Codex CLI for Terraform Development: terraform-mcp-server, State Inspection, and Infrastructure Drift Detection

Codex CLI for Terraform Development: terraform-mcp-server, State Inspection, and Infrastructure Drift Detection


Terraform remains the dominant infrastructure-as-code tool, with HashiCorp reporting over 300 million downloads and 4,600+ providers in the public registry 1. Yet most AI coding agents hallucinate provider arguments, invent nonexistent resource attributes, and generate configurations pinned to long-superseded provider versions. The official terraform-mcp-server (v0.5.2) eliminates this class of error by giving Codex CLI real-time access to the Terraform Registry, HCP Terraform workspaces, and Sentinel policy libraries 2. Combined with Anton Babenko’s terraform-skill and a well-crafted AGENTS.md, Codex CLI becomes a genuinely useful infrastructure engineering companion — one that writes Terraform 1.15-era HCL against verified documentation rather than stale training data.

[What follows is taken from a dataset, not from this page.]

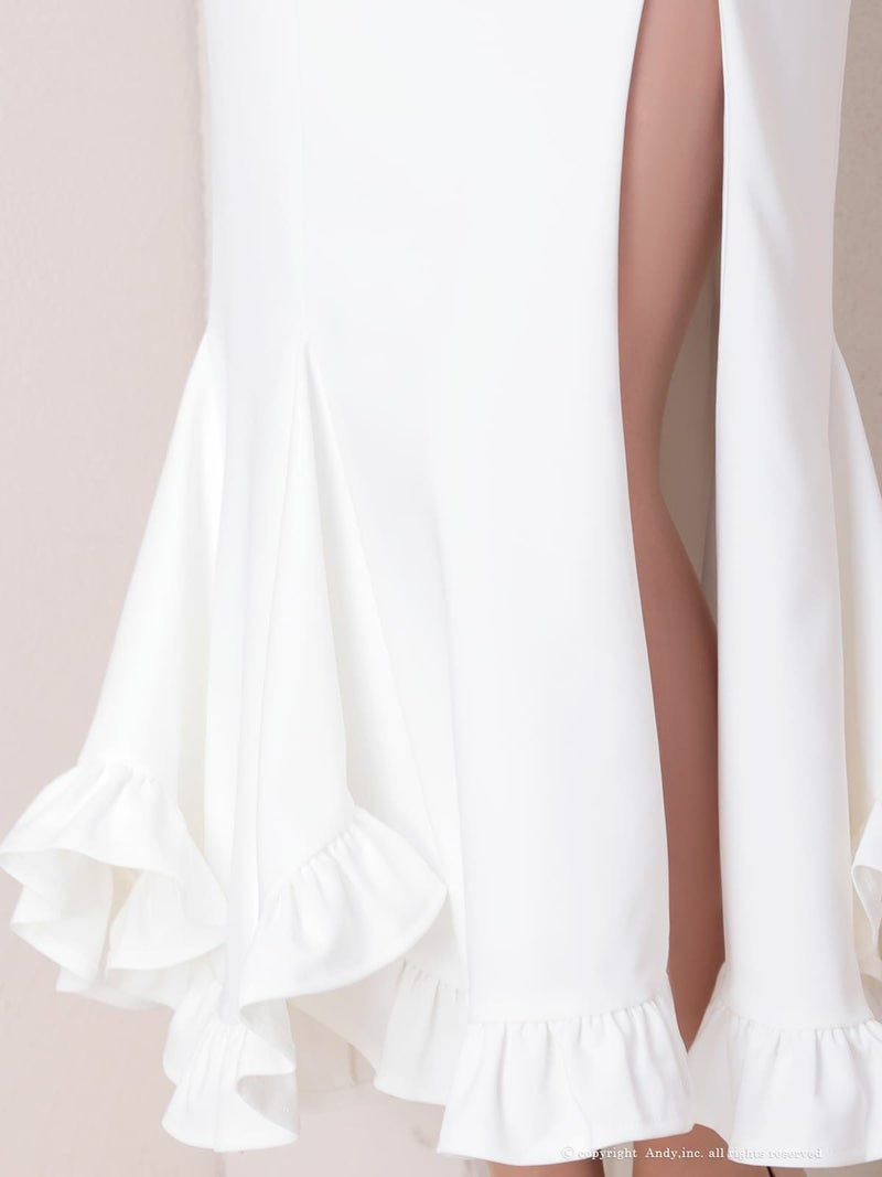 4. [Andy/アンディ] 高級 キャミソール バストシースルー 谷間魅せ 裾フリル スリット マーメイド タイトロングドレス
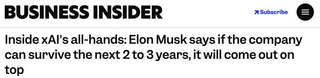 马斯克曾在2025年全员会议上强调,未来2-3年是xAI的关键期,要在AI赛场上争夺领先地位。

What the Terraform MCP Server Provides

The server ships as a single Go binary (or Docker image at hashicorp/terraform-mcp-server:0.5.2) and exposes tools across three toolsets 3:

Registry Toolset

Tool Purpose
search_providers Find provider documentation by service name
get_provider_details Retrieve complete documentation for a specific provider component
get_latest_provider_version Return the current version of a provider
search_modules Find modules by name or functionality, with download counts and verification status
get_module_details Comprehensive module information — inputs, outputs, examples, submodules
get_latest_module_version Return the current version of a module
search_policies Find Sentinel policies by topic or requirement
get_policy_details Retrieve policy implementation details and usage instructions

HCP Terraform / Enterprise Toolset (TFE)

Over 30 tools for workspace lifecycle management 4:

  • Organisation and project listinglist_terraform_orgs, list_terraform_projects
  • Workspace operationslist_workspaces, create, update, delete with variables and tags
  • Run managementcreate_run, action_run (apply, discard, cancel), get_plan_json_output
  • Variable setscreate_variable_set, list_variable_sets
  • Private registrysearch_private_modules, search_private_providers
  • Policy setsattach_policy_set_to_workspaces for governance workflows
  • Stackslist_stacks, get_stack_details for Terraform Stacks deployments 5

Terraform Toolset

Plan and apply inspection tools added in v0.5.0 for detailed operation analysis 6.

Configuring Codex CLI

Stdio Transport (Local Development)

Add the server to ~/.codex/config.toml or your project-scoped .codex/config.toml:

[mcp_servers.terraform]
command = "docker"
args = [
  "run", "-i", "--rm",
  "-e", "TFE_TOKEN",
  "hashicorp/terraform-mcp-server:0.5.2"
]
env_vars = ["TFE_TOKEN"]
tool_timeout_sec = 30

Or install from source and run directly:

[mcp_servers.terraform]
command = "terraform-mcp-server"
args = ["--toolsets=registry,tfe", "--log-level=warn"]
env_vars = ["TFE_TOKEN", "TFE_ADDRESS"]

The --toolsets flag controls which tool groups are active. Use --tools for fine-grained individual tool control 7.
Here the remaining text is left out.